2. Reference is made in the prevailing opinion in the Williams case to the unfortunate effect of the rule as it existed in the Haddock v. Haddock decision (201 U. S. 562, supra). While the effect of the proposed decision might be properly considered by a court, its judgment should be founded upon the law as it exists, but if in the Williams case consideration were to be given to
It was said in Maynard v. Hill (125 U. S. 190, 211): “ The consent of the parties is of course essential to its existence, but when the contract to marry is executed by the marriage, a relation between the parties is created which they cannot change. Other contracts may be modified, restricted, or enlarged, or entirely released upon the consent of the parties. Not so with marriage. The relation once formed, the law steps in and holds the parties to various obligations and liabilities. It is an institution, in the maintenance of which in its purity the public is deeply interested, for it is the foundation of the family and of society, without which there would be neither civilization, nor progress.”
In Adams v. Palmer (51 Me. 481, 484) the court said: “ It is not, then, a contract within the meaning of the clause of the constitution, which prohibits the impairing the obligation of contracts. It is, rather, a social relation, like that of parent and child, the obligations of which arise not from the consent of concurring minds, but are the creation of the law itself; a relation the most important, as affecting the happiness of individuals, the first step from barbarism to incipient civilization, the purest tie of social life and the true basis of human progress.”

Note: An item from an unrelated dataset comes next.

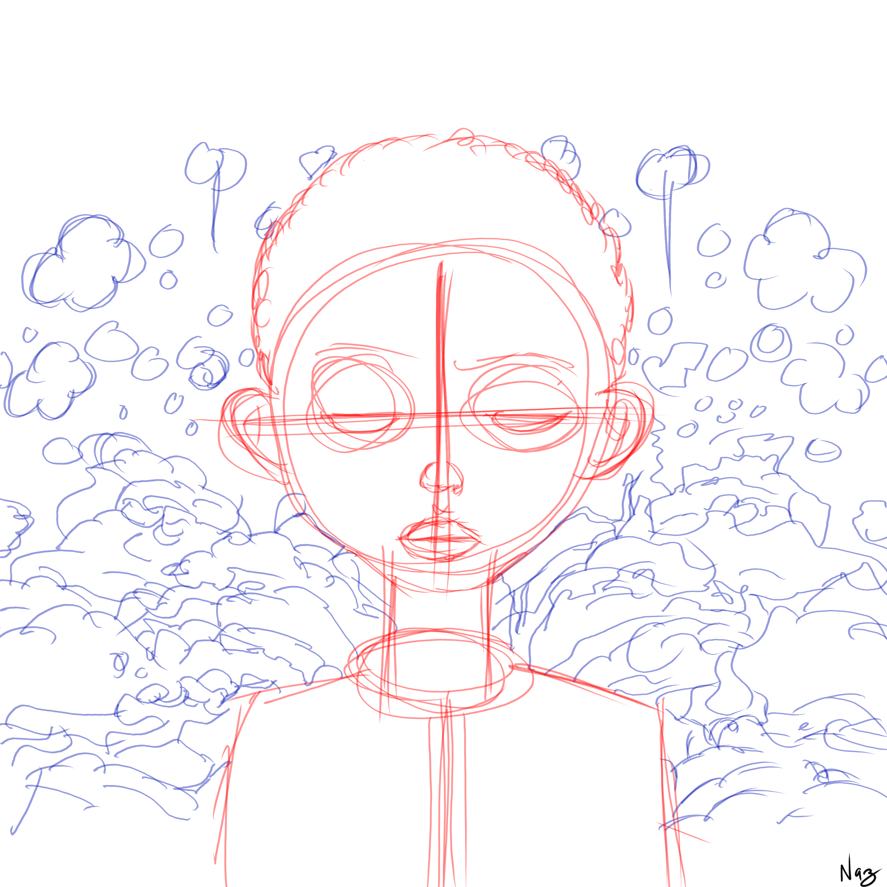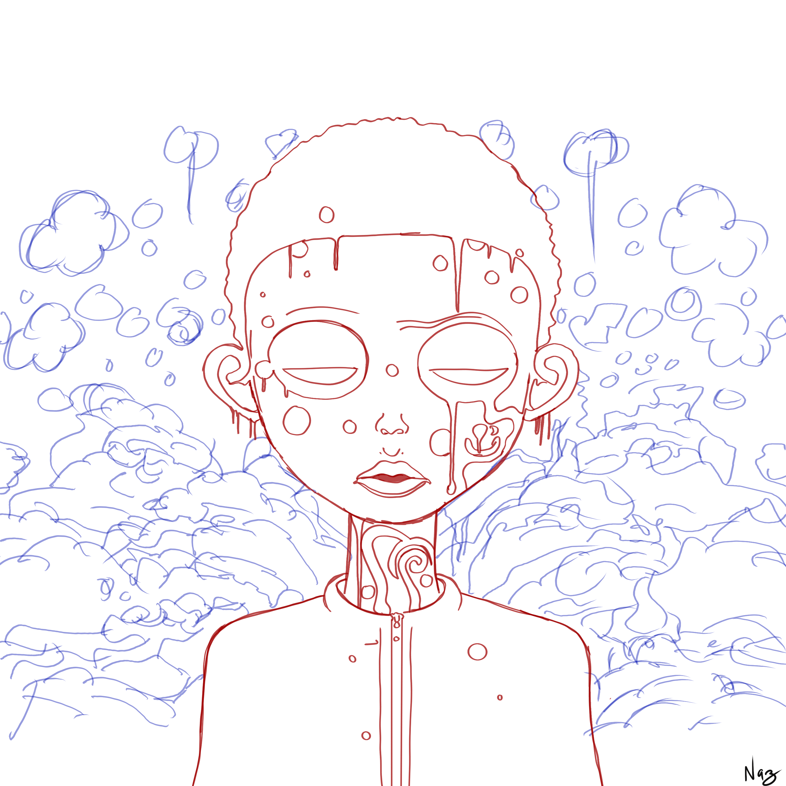 “Awa Meta” which translates to “The Three of Us,” explores the multifaceted nature of the self and the internal dialogues that shape our identity. This piece was inspired by the idea that we are not singular entities, but a complex community of internal voices, experiences, and potential versions of ourselves. It reflects on the importance of acknowledging and integrating these different facets, visualizing the internal landscape as a space of both conflict and harmony. The artwork captures the journey toward self-awareness, where the three “selves” are brought into a shared space of reflection and understanding.

In the case of Ditson v. Ditson (4 R. I. 87, 101) the court said that “ marriage, in the sense in which it is dealt with by a decree of divorce, is not a contract, but one of the domestic relations. In strictness, though formed by contract, it signifies the relation of husband and wife, deriving both its rights and duties from a source higher than any contract of which the parties are capable, and as to these uncontrollable by any contract which they can make. When formed, this relation is no more a contract than ‘ fatherhood ’ or ‘ sonship ’ is a contract.”
In Wade v. Kalbfleish (58 N. Y. 282, 284) the court said: “ It partakes more of the character of an institution regulated and controlled by public authority, upon principles of public policy, for the benefit of the community. ’ ’
In Noel v. Ewing (9 Ind. 37) the court stated that “ in every enlightened government, it is preeminently the basis of civil institutions, and thus an object of the deepest public .concern. # * * It is a great public institution, giving character to our whole civil polity.”
The motion for reargument is granted and on such reargument the court adheres to its original decision and the motion of petitioner to make further findings is denied except insofar as the findings in the original decision are amplified herein.
Submit order, on notice, accordingly.